Sólo aquí, en el espacio reservado para el té, son conscientes de que hay más personas con ellas. En el trayecto han tenido la sensación de estar solas, aunque saben que han entrado junto a diez o doce personas. Las instalaciones son suficientemente grandes para albergar a todos los clientes, y en consecuencia todos tienen la sensación de estar viviendo una experiencia exclusiva.

-Qué maravilla, ¿verdad, cariño?

-Oh, este lugar es estupendo. Vale cada euro que invertimos, cuca.

-Sí... Necesitábamos este descanso, después del año que hemos tenido.

-Mmmmmm... Nada de alumnos ni de escritores hasta septiembre. Qué gussssssto...

-Buenísimo el te, ¿eh?

-Delicioso. Y la música... Mejor que estar en Fez.

-Buf, hacía más calor que aquí. Y además, aquí nos ahorramos indigestiones y el asedio de los vendedores ambulantes.

-Sí, siempre intentando tocarnos el culo. ¡Pesados!

-¡Ja, ja, sí! Pero reconoce que las vistas desde el hotel eran preciosas... y los cantos de los muecines desde varios minaretes, repitiéndose y amplificándose como un eco...

-Lo que era precioso era morder tus hombros mientras sonaban de fondo esos cantos...

-¡Ssshhh! ¡Ja, ja!

-Shhh tú, que aquí no se puede reír ni hablar en alto... Preciosa. Que eres preciosa.

Se contienen para no besarse en público– Barcelona es gayfriendly, pero no quieren comprobar hasta qué punto-, y se dedican una mirada que no deja espacio para la duda. Lorena se dice, una vez más, que Paola es el amor de su vida. Mataría por esa italiana. Sin dudarlo, sí; mataría por ella.
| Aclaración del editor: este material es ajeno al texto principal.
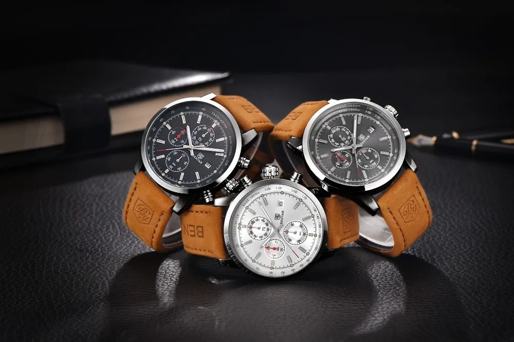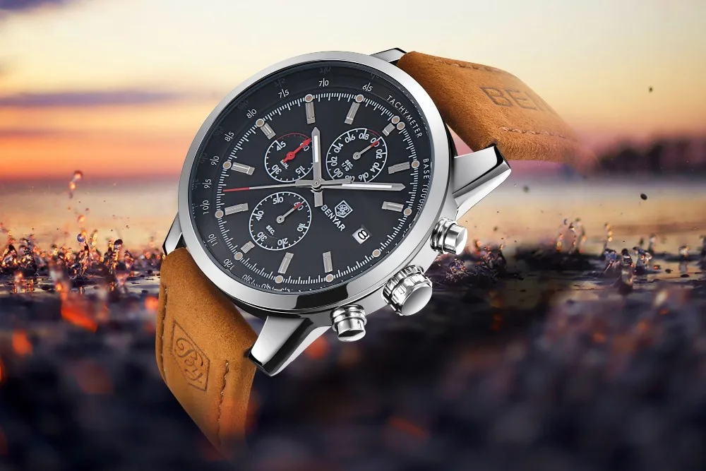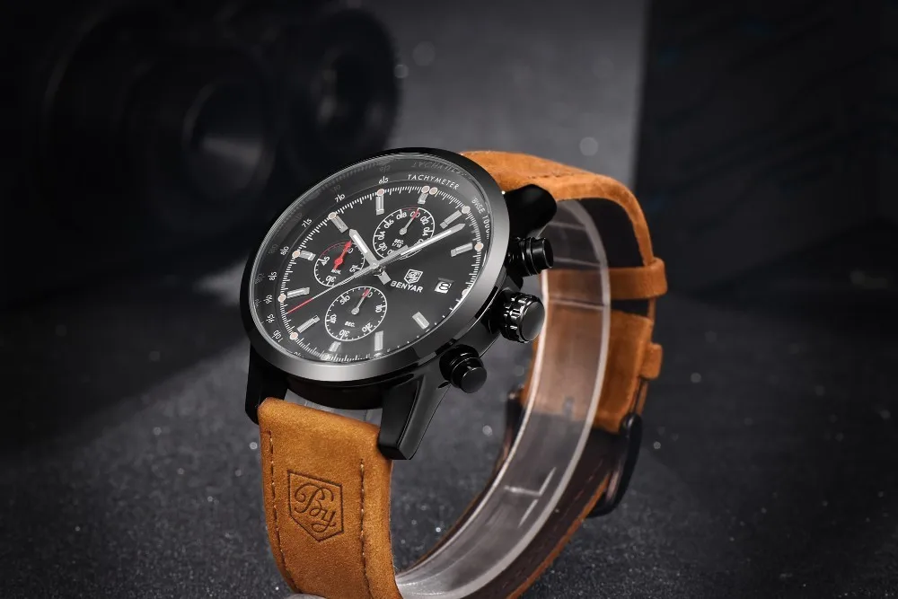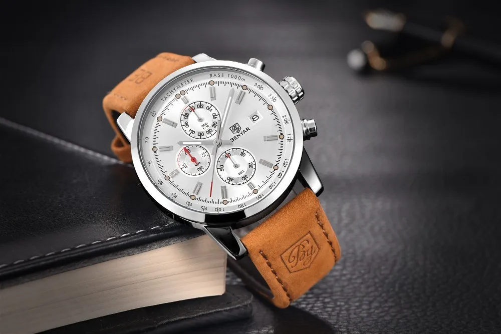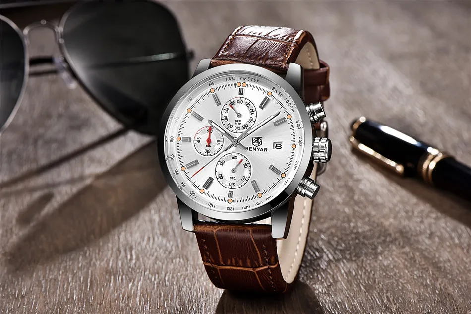 Модные спортивные часы, мужские часы с хронографом, люксовый бренд, водонепроницаемые кварцевые наручные часы из натуральной кожи с ремешком, мужские часы, relojes

Vienen a buscarlas, si les parece bien, para el masaje de cuerpo entero con esencia de flor de azahar. Se miran, asienten, y se encierran de nuevo en el silencio para entregarse, una vez más, a una pequeña infidelidad: la del placer que experimentarán sus cuerpos gracias a otras manos de mujer. Volverán a reencontrarse en la piscina de sal –deliciosa ingravidez-  y en el jacuzzi.

Después de los baños, tienen previsto pasear tranquilamente hasta un restaurante en la Barceloneta, donde pedirán, como hace cinco años, una paella de bogavante acompañada de vino blanco y, después, cuando el sol haya perdido buena parte de su fuerza, permitirán que les acaricie la piel en la dorada playa de esta gran ciudad abierta al Mediterráneo.